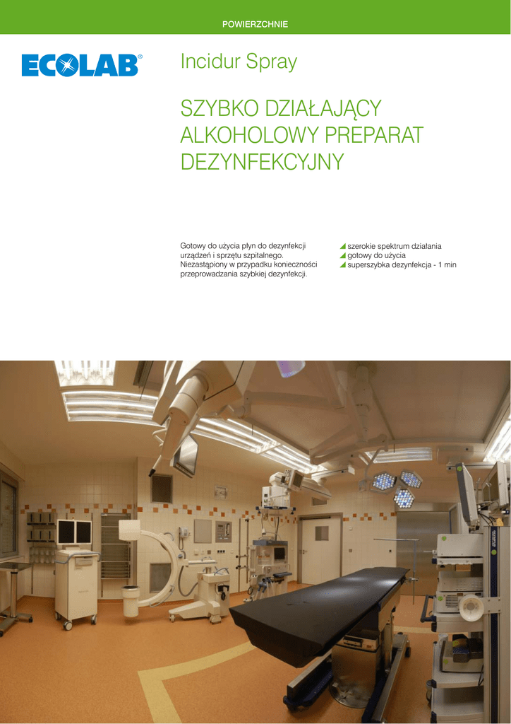POWIERZCHNIE Incidur Spray SZYBKO DZIAŁAJĄCY ALKOHOLOWY PREPARAT DEZYNFEKCYJNY Gotowy do użycia płyn do dezynfekcji urządzeń i sprzętu szpitalnego. Niezastąpiony w przypadku konieczności przeprowadzania szybkiej dezynfekcji. szerokie spektrum działania gotowy do użycia superszybka dezynfekcja - 1 min POWIERZCHNIE Właściwości Korzyści Wyniki badań mikrobiologicznych Szerokie spektrum działania obejmujące bakterie (włącznie z Tbc), grzyby i wirusy zgodnie z zaleceniem RKI (Instytut Roberta Kocha) Wysoka pewność dezynfekcji na wszystkich powierzchniach odpornych na działania alkoholi, również w obszarach podwyższonego ryzyka np. dzięki wysokiej aktywności w stosunku do wirusów HBV, HCV, HIV, Vaccinia, Adeno Optymalnie dobrany skład wykorzystujący synergistyczne działanie poszczególnych substancji czynnych Dobre pokrycie dezynfekowanej powierzchni, szybkie wysychanie bez pozostałości Gotowy do użycia Łatwe stosowanie, możliwość natychmiastowego użycia Niezwykle krótki czas działania Szybko zapewnia bezpieczeństwo pacjentom i personelowi medycznemu Certyfikat DGHM (Niemieckie Towarzystwo Higieny i Mikrobiologii) Najlepsze z możliwych zabezpieczenie użytkownika Przeprowadzone na szeroką skalę badania tolerancji materiałowej Możliwość zastosowania do: metali, tworzyw sztucznych oraz odpornych na działanie alkoholi powierzchni lakierowanych w pomieszczeniach zabiegowych OBSZAR ZASTOSOWAŃ Szybko działający preparat dezynfekcyjny do sprzętu medycznego (foteli zabiegowych, stomatologicznych, łóżek), aparatury medycznej a także szyb, pulpitów, parapetów, blatów, desek klozetowych, klamek, miejsc trudno dostępnych, szczelin i wszelkich małych powierzchni odpornych na działanie alkoholi. SPOSÓB POSTĘPOWANIA Roztwór gotowy do użycia do przecierania lub spryskiwania. Preparat nanieść na suchą ściereczkę, przetrzeć dezynfekowaną powierzchnię i pozostawić do wyschnięcia lub z odległości 30 cm spryskać powierzchnię (ok. 40 ml na m2) i pozostawić do wyschnięcia. W przypadku dezynfekcji urządzeń elektrycznych sprawdzić zawsze odłączenie aparatu od sieci. SKŁAD W 100 g jako substancje aktywne zawiera: 40,0 g etanol (96%), 10,0 g n-propanol, 0,05 g chlorek bezyloalkiloamonowy; 0,018 g aldehyd glutarowy, Opakowania Jednostkowe Handlowe Symbol Butelka 650 ml ze spryskiwaczem 12 x 650 ml 3013450 Butelka 1 l ze spryskiwaczem 12 x 1 l 3013460 Kanister 5 l 2x5l 3013470 OPINIE Liczne badania mikrobiologiczne, wirusologiczne, toksykologiczne i ekologiczne. Na Państwa prośbę chętnie udostępnimy opinie. 0297 Wyłącznie do zastosowania profesjonalnego. Ecolab Healthcare Europe Clean. Safe. Healthy. Ecolab Europe GmbH Richtistr. 7 CH-8304 Wallisellen © NOVEMBER 2009 Ecolab Inc. All rights reserved. Ecolab Sp. z o.o. ul. Kalwaryjska 69, 30-504 Kraków www.ecolab.pl Spektrum działania (nierozcieńczony preparat) Czas działania Dezynfekcja powierzchni wg. VAH (Stowarzyszenie Higieny Stosowanej) z udziałem, jak i bez udziału czynnika mechanicznego (bakteriobójczy, drożdżobójczy) (warunki czyste i brudne) 5 min Szybka dezynfekcja z udziałem czynnika mechanicznego wg. DGHM (Niemieckie Towarzystwo Higieny i Mikrobiologii), metodyka 2001r. (warunki czyste i brudne) 1 min Szybka dezynfekcja bez udziału czynnika mechanicznego wg. DGHM (Niemieckie Towarzystwo Higieny i Mikrobiologii), metodyka 2001r. (warunki czyste) 1 min Działanie wirusobójcze wobec wszystkich wirusów osłonionych (łącznie z HBV, HCV, HIV) - zgodnie z zaleceniem 01/2004 RKI (Instytut Roberta Kocha) 30 sek Adeno, Papova 15 min Wirusobójczy zgodnie z zaleceniem RKI (Instytut Roberta Kocha) 01/2004 2 godz. Parametry działania według metodyki PZH i IGiChP B, F 2 min Parametry działania według metodyki PZH i IGiChP B, F, Tbc 5 min Parametry działania według metodyki PZH i IGiChP B, F, Tbc, V 1 godz.
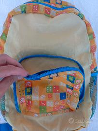 Bellissimo zaino con cerniera richiudibile Mulino Bianco "Felicità in azione" 2021.✔️Come si vede dalla foto lo zaino si richiude come una semplice borsetta, ideale da portare in viaggio oppure per qualsiasi altra occasione.✔️ Colore: Arancio/Giallo/Blu.✔️ Composizione: 100% Poliestere.✔️ Misure - Lunghezza zaino: 44 cm. Larghezza: 35 cm. Zaino in ottime condizioni da collezione.
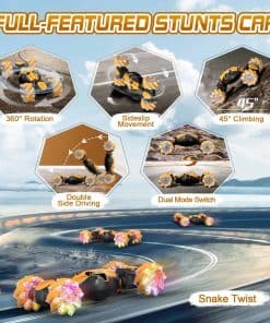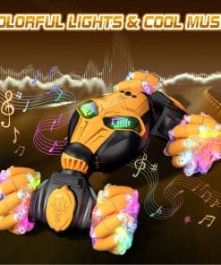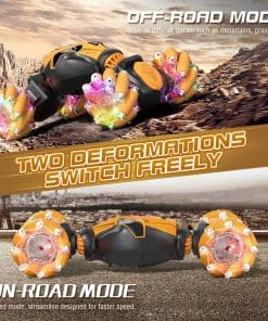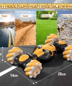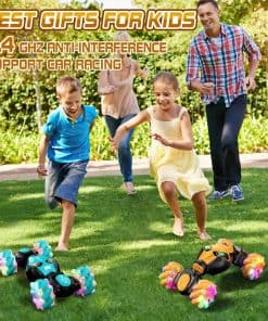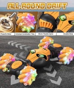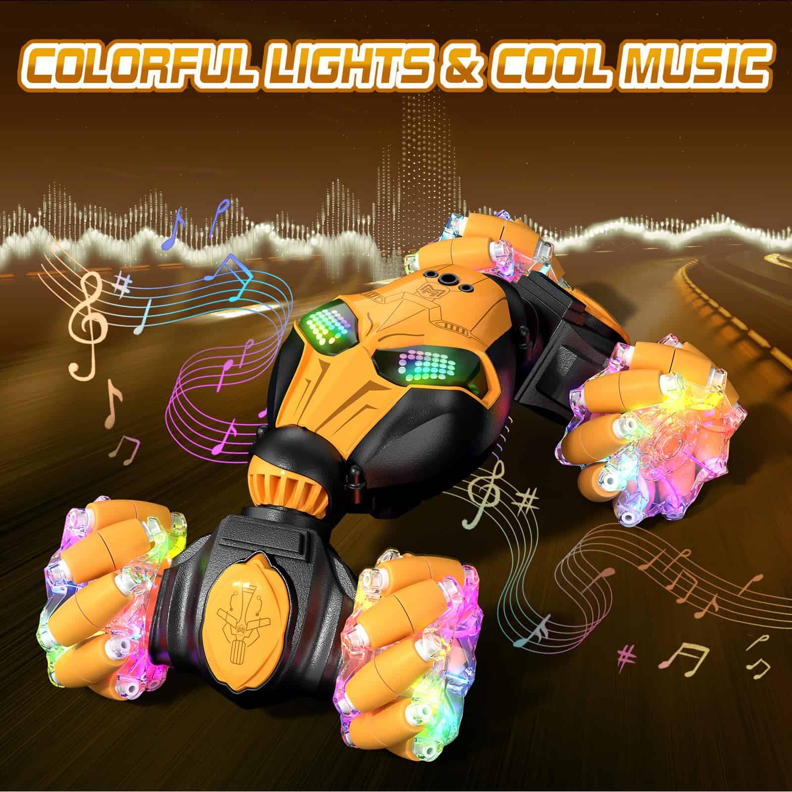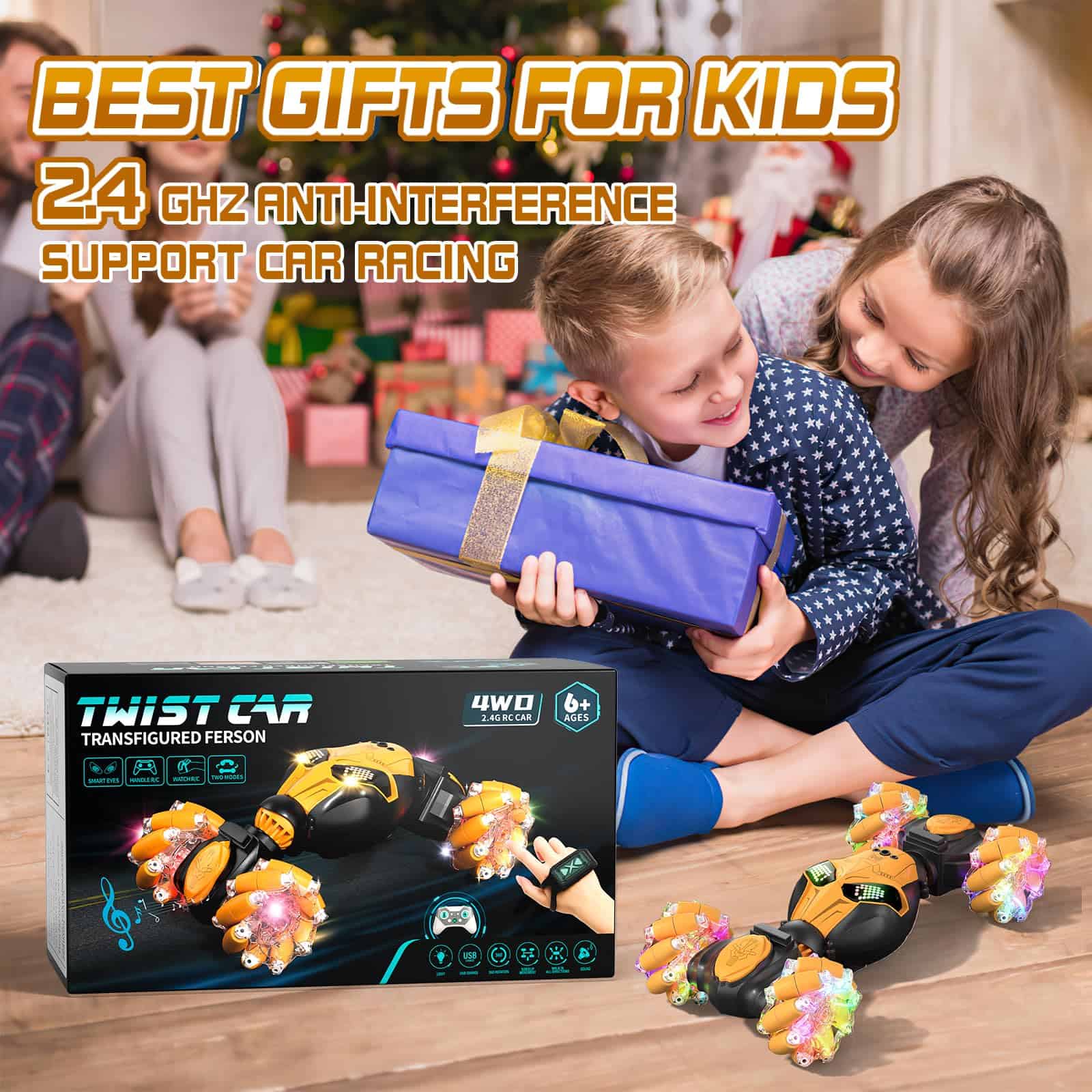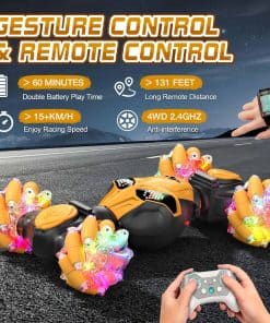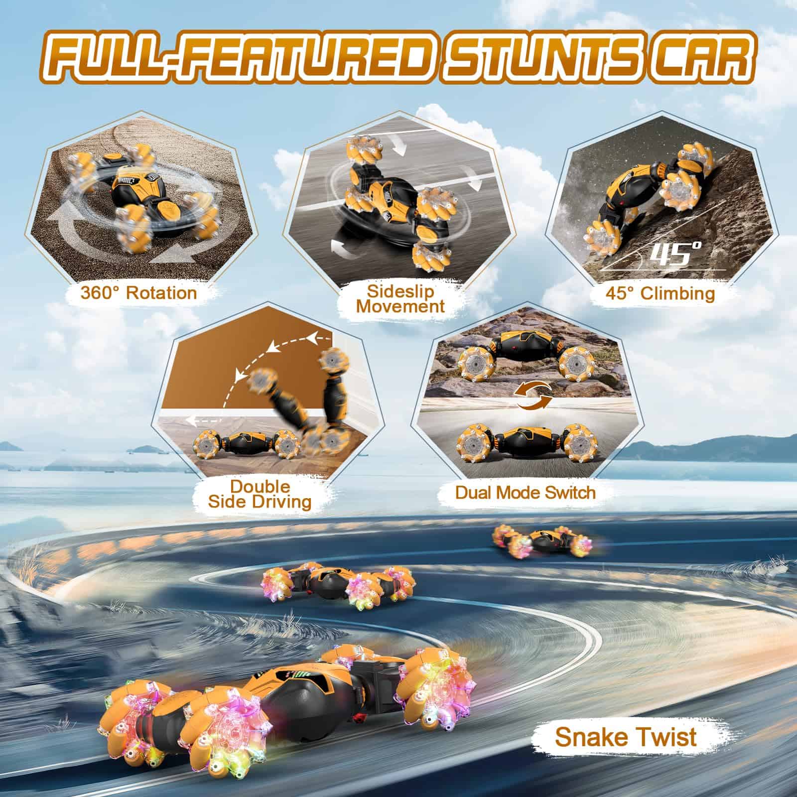 Coche de acrobacias Axirata con control de gestos. Coche monstruo transformador 4WD con motor potente que puede cambiar libremente entre el modo de velocidad y el modo todo terreno, con demostración automática, movimiento completo, derrapes laterales, rotación de 360 grados, ascenso de colinas en incrementos de 45 grados, giros en zigzag, deslizamiento lateral, etc., brindando a niños y niñas una experiencia de manejo sin precedentes y diversión infinita. Equipado con 2 baterías recargables para horas de diversión. Con efectos de iluminación y música impactantes, este coche de control remoto por gestos ofrece una experiencia de operación maravillosa y efectos visuales increíbles. Fabricado con plástico ABS duradero y materiales de alta calidad, resistente para la carretera. Diseñado para conquistar grava, césped, playa y otros terrenos, puede superar fácilmente varios obstáculos. Regalos geniales y divertidos para niños. Adecuado para uso tanto en interiores como en exteriores. Regalos ideales para niños y niñas de 6 a 12 años. ¡Es el regalo de cumpleaños perfecto, regalo del Día del Niño, regalo de Acción de Gracias, regalo de Halloween, regalo de Año Nuevo y regalo de Navidad para tu hijo!
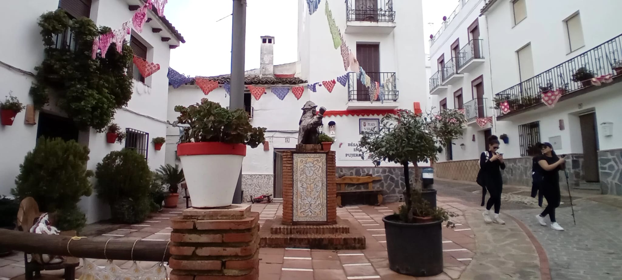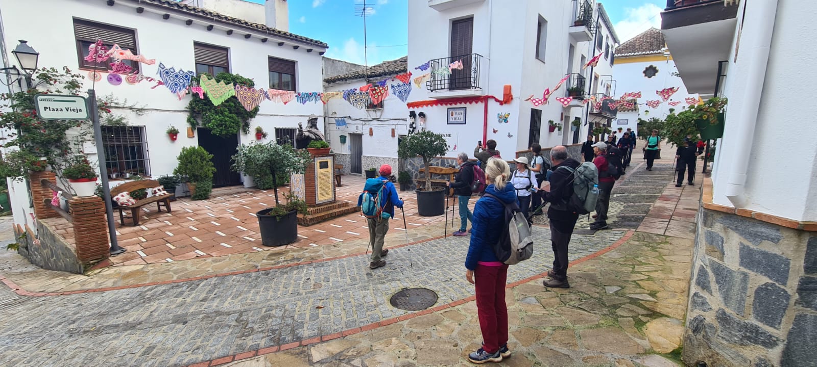 Después de reponer fuerzas nos enfrentamos al último tramo de la jornada, de unos tres kilómetros de distancia hasta Cartajima, subiendo por la Calle Los Riscos, bien hormigonada y con un exigente desnivel, incluida en el Sendero PR-A-224 (Cartajima-Juzcar). Al cabo de unos 300 metros llegamos a la carretera MA-7303, por la que caminamos otros 250 metros antes de enlazar nuevamente con el sendero, en un desvío a la derecha, desde donde ya podemos contemplar en lontananza la silueta de Cartajima.
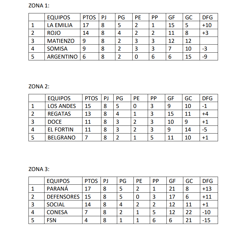 Cruces de liguilla: Paraná- 12 de Octubre; La Emilia- Social; Los Andes- Regatas; Defensores- General Rojo.
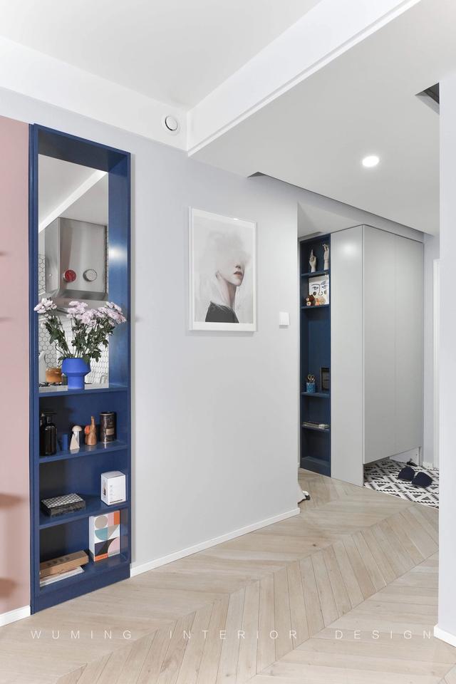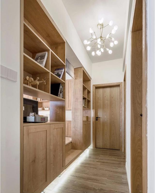 走廊較窄的情況下,做成全封閉式柜體,讓人感覺(jué)壓抑?推掉部分或全部墻體(具體根據(jù)實(shí)際空間和需求而定)打造一個(gè)擺放柜,上面可以放上自己喜愛(ài)的裝飾品,節(jié)省空間又增加了收納。
- - -
Task directions
Repeat the material exactly. Skip the images.

Result of the exercise
POWIERZCHNIE Incidur Spray SZYBKO DZIAŁAJĄCY ALKOHOLOWY PREPARAT DEZYNFEKCYJNY Gotowy do użycia płyn do dezynfekcji urządzeń i sprzętu szpitalnego. Niezastąpiony w przypadku konieczności przeprowadzania szybkiej dezynfekcji. szerokie spektrum działania gotowy do użycia superszybka dezynfekcja - 1 min POWIERZCHNIE Właściwości Korzyści Wyniki badań mikrobiologicznych Szerokie spektrum działania obejmujące bakterie (włącznie z Tbc), grzyby i wirusy zgodnie z zaleceniem RKI (Instytut Roberta Kocha) Wysoka pewność dezynfekcji na wszystkich powierzchniach odpornych na działania alkoholi, również w obszarach podwyższonego ryzyka np. dzięki wysokiej aktywności w stosunku do wirusów HBV, HCV, HIV, Vaccinia, Adeno Optymalnie dobrany skład wykorzystujący synergistyczne działanie poszczególnych substancji czynnych Dobre pokrycie dezynfekowanej powierzchni, szybkie wysychanie bez pozostałości Gotowy do użycia Łatwe stosowanie, możliwość natychmiastowego użycia Niezwykle krótki czas działania Szybko zapewnia bezpieczeństwo pacjentom i personelowi medycznemu Certyfikat DGHM (Niemieckie Towarzystwo Higieny i Mikrobiologii) Najlepsze z możliwych zabezpieczenie użytkownika Przeprowadzone na szeroką skalę badania tolerancji materiałowej Możliwość zastosowania do: metali, tworzyw sztucznych oraz odpornych na działanie alkoholi powierzchni lakierowanych w pomieszczeniach zabiegowych OBSZAR ZASTOSOWAŃ Szybko działający preparat dezynfekcyjny do sprzętu medycznego (foteli zabiegowych, stomatologicznych, łóżek), aparatury medycznej a także szyb, pulpitów, parapetów, blatów, desek klozetowych, klamek, miejsc trudno dostępnych, szczelin i wszelkich małych powierzchni odpornych na działanie alkoholi. SPOSÓB POSTĘPOWANIA Roztwór gotowy do użycia do przecierania lub spryskiwania. Preparat nanieść na suchą ściereczkę, przetrzeć dezynfekowaną powierzchnię i pozostawić do wyschnięcia lub z odległości 30 cm spryskać powierzchnię (ok. 40 ml na m2) i pozostawić do wyschnięcia. W przypadku dezynfekcji urządzeń elektrycznych sprawdzić zawsze odłączenie aparatu od sieci. SKŁAD W 100 g jako substancje aktywne zawiera: 40,0 g etanol (96%), 10,0 g n-propanol, 0,05 g chlorek bezyloalkiloamonowy; 0,018 g aldehyd glutarowy, Opakowania Jednostkowe Handlowe Symbol Butelka 650 ml ze spryskiwaczem 12 x 650 ml 3013450 Butelka 1 l ze spryskiwaczem 12 x 1 l 3013460 Kanister 5 l 2x5l 3013470 OPINIE Liczne badania mikrobiologiczne, wirusologiczne, toksykologiczne i ekologiczne. Na Państwa prośbę chętnie udostępnimy opinie. 0297 Wyłącznie do zastosowania profesjonalnego. Ecolab Healthcare Europe Clean. Safe. Healthy. Ecolab Europe GmbH Richtistr. 7 CH-8304 Wallisellen © NOVEMBER 2009 Ecolab Inc. All rights reserved. Ecolab Sp. z o.o. ul. Kalwaryjska 69, 30-504 Kraków www.ecolab.pl Spektrum działania (nierozcieńczony preparat) Czas działania Dezynfekcja powierzchni wg. VAH (Stowarzyszenie Higieny Stosowanej) z udziałem, jak i bez udziału czynnika mechanicznego (bakteriobójczy, drożdżobójczy) (warunki czyste i brudne) 5 min Szybka dezynfekcja z udziałem czynnika mechanicznego wg. DGHM (Niemieckie Towarzystwo Higieny i Mikrobiologii), metodyka 2001r. (warunki czyste i brudne) 1 min Szybka dezynfekcja bez udziału czynnika mechanicznego wg. DGHM (Niemieckie Towarzystwo Higieny i Mikrobiologii), metodyka 2001r. (warunki czyste) 1 min Działanie wirusobójcze wobec wszystkich wirusów osłonionych (łącznie z HBV, HCV, HIV) - zgodnie z zaleceniem 01/2004 RKI (Instytut Roberta Kocha) 30 sek Adeno, Papova 15 min Wirusobójczy zgodnie z zaleceniem RKI (Instytut Roberta Kocha) 01/2004 2 godz. Parametry działania według metodyki PZH i IGiChP B, F 2 min Parametry działania według metodyki PZH i IGiChP B, F, Tbc 5 min Parametry działania według metodyki PZH i IGiChP B, F, Tbc, V 1 godz.
 Bellissimo zaino con cerniera richiudibile Mulino Bianco "Felicità in azione" 2021.✔️Come si vede dalla foto lo zaino si richiude come una semplice borsetta, ideale da portare in viaggio oppure per qualsiasi altra occasione.✔️ Colore: Arancio/Giallo/Blu.✔️ Composizione: 100% Poliestere.✔️ Misure - Lunghezza zaino: 44 cm. Larghezza: 35 cm. Zaino in ottime condizioni da collezione.
 Coche de acrobacias Axirata con control de gestos. Coche monstruo transformador 4WD con motor potente que puede cambiar libremente entre el modo de velocidad y el modo todo terreno, con demostración automática, movimiento completo, derrapes laterales, rotación de 360 grados, ascenso de colinas en incrementos de 45 grados, giros en zigzag, deslizamiento lateral, etc., brindando a niños y niñas una experiencia de manejo sin precedentes y diversión infinita. Equipado con 2 baterías recargables para horas de diversión. Con efectos de iluminación y música impactantes, este coche de control remoto por gestos ofrece una experiencia de operación maravillosa y efectos visuales increíbles. Fabricado con plástico ABS duradero y materiales de alta calidad, resistente para la carretera. Diseñado para conquistar grava, césped, playa y otros terrenos, puede superar fácilmente varios obstáculos. Regalos geniales y divertidos para niños. Adecuado para uso tanto en interiores como en exteriores. Regalos ideales para niños y niñas de 6 a 12 años. ¡Es el regalo de cumpleaños perfecto, regalo del Día del Niño, regalo de Acción de Gracias, regalo de Halloween, regalo de Año Nuevo y regalo de Navidad para tu hijo!
 Después de reponer fuerzas nos enfrentamos al último tramo de la jornada, de unos tres kilómetros de distancia hasta Cartajima, subiendo por la Calle Los Riscos, bien hormigonada y con un exigente desnivel, incluida en el Sendero PR-A-224 (Cartajima-Juzcar). Al cabo de unos 300 metros llegamos a la carretera MA-7303, por la que caminamos otros 250 metros antes de enlazar nuevamente con el sendero, en un desvío a la derecha, desde donde ya podemos contemplar en lontananza la silueta de Cartajima.
 Cruces de liguilla: Paraná- 12 de Octubre; La Emilia- Social; Los Andes- Regatas; Defensores- General Rojo.
 走廊較窄的情況下,做成全封閉式柜體,讓人感覺(jué)壓抑?推掉部分或全部墻體(具體根據(jù)實(shí)際空間和需求而定)打造一個(gè)擺放柜,上面可以放上自己喜愛(ài)的裝飾品,節(jié)省空間又增加了收納。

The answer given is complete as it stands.